East Los Angeles first appeared as an unincorporated place in the 1960 United States census as part of the Southeast census county division; and as a census designated place in the 1980 United States census.

Historical population
| Census | Pop. | Note | %± |
| 1960 | 104,270 |  | — |
| 1970 | 104,881 |  | 0.6% |
| 1980 | 110,017 |  | 4.9% |
| 1990 | 126,379 |  | 14.9% |
| 2000 | 124,283 |  | −1.7% |
| 2010 | 126,496 |  | 1.8% |
| 2020 | 118,786 |  | −6.1% |
U.S. Decennial Census 1860–1870 1880-1890 1900 1910 1920 1930 1940 1950 1960 1970 1980 1990 2000 2010 2020

===Racial and ethnic composition===

East Los Angeles CDP, California – Racial and ethnic composition Note: the US Census treats Hispanic/Latino as an ethnic category. This table excludes Latinos from the racial categories and assigns them to a separate category. Hispanics/Latinos may be of any race.
| Race / Ethnicity (NH = Non-Hispanic) | Pop 1980 | Pop 1990 | Pop 2000 | Pop 2010 | Pop 2020 | % 1980 | % 1990 | % 2000 | % 2010 | % 2020 |
| White alone (NH) | 4,559 | 3,497 | 2,275 | 1,917 | 2,399 | 4.14% | 2.77% | 1.83% | 1.52% | 2.02% |
| Black or African American alone (NH) | 378 | 1,538 | 192 | 322 | 638 | 0.34% | 1.22% | 0.15% | 0.25% | 0.54% |
| Native American or Alaska Native alone (NH) | 96 | 118 | 260 | 167 | 199 | 0.09% | 0.09% | 0.21% | 0.13% | 0.17% |
| Asian alone (NH) | 1,199 | 1,198 | 838 | 962 | 1,648 | 1.09% | 0.95% | 0.67% | 0.76% | 1.39% |
| Native Hawaiian or Pacific Islander alone (NH) | 13 | 13 | 19 | 0.01% | 0.01% | 0.02% |
| Other race alone (NH) | 271 | 344 | 108 | 153 | 331 | 0.24% | 0.27% | 0.09% | 0.12% | 0.28% |
| Mixed race or Multiracial (NH) | x | x | 290 | 178 | 516 | x | x | 0.23% | 0.14% | 0.43% |
| Hispanic or Latino (any race) | 103,514 | 119,684 | 120,307 | 122,784 | 113,036 | 94.09% | 94.70% | 96.80% | 97.07% | 95.16% |
| Total | 110,017 | 126,379 | 124,283 | 126,496 | 118,786 | 100.00% | 100.00% | 100.00% | 100.00% | 100.00% |

East Los Angeles is the least ethnically diverse community in Los Angeles County, as noted by the Los Angeles Times "Mapping L.A." survey. Mexican (85.4%) and Italian (0.2%) are the most common ancestries. Mexico and El Salvador were the most common foreign places of birth.

===2020 census===

As of the 2020 census, East Los Angeles had a population of 118,786. The median age was 33.3 years. 25.6% of residents were under the age of 18 and 11.2% of residents were 65 years of age or older. For every 100 females there were 97.2 males, and for every 100 females age 18 and over there were 95.1 males age 18 and over.

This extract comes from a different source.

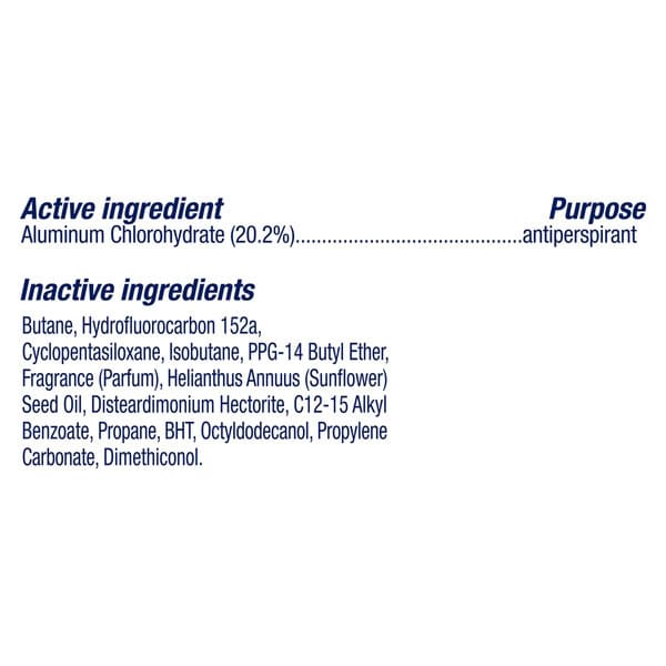 Inactive Ingredients: Butane, Hydrofluorocarbon 152a, Cyclopentasiloxane, Isobutane, Ppg-14 Butyl Ether, Glycine, Fragrance, Helianthus Annuus (sunflower) Seed Oil, C12-15 Alkyl Benzoate, Disteardimonium Hectorite, Calcium Chloride, Propane, Bht, Octyldodecanol, Propylene Carbonate, Dimethiconol, Alpha-isomethyl Ionone, Benzyl Alcohol, Benzyl Salicylate, Cinnamyl Alcohol, Coumarin, Eugenol, Hexyl Cinnamal, Limonene, Linalool

100.0% of residents lived in urban areas, while 0.0% lived in rural areas.

There were 31,548 households in East Los Angeles, of which 46.5% had children under the age of 18 living in them. Of all households, 42.8% were married-couple households, 17.5% were households with a male householder and no spouse or partner present, and 30.5% were households with a female householder and no spouse or partner present. About 14.2% of all households were made up of individuals and 6.3% had someone living alone who was 65 years of age or older.

There were 32,589 housing units, of which 3.2% were vacant. The homeowner vacancy rate was 0.5% and the rental vacancy rate was 1.6%.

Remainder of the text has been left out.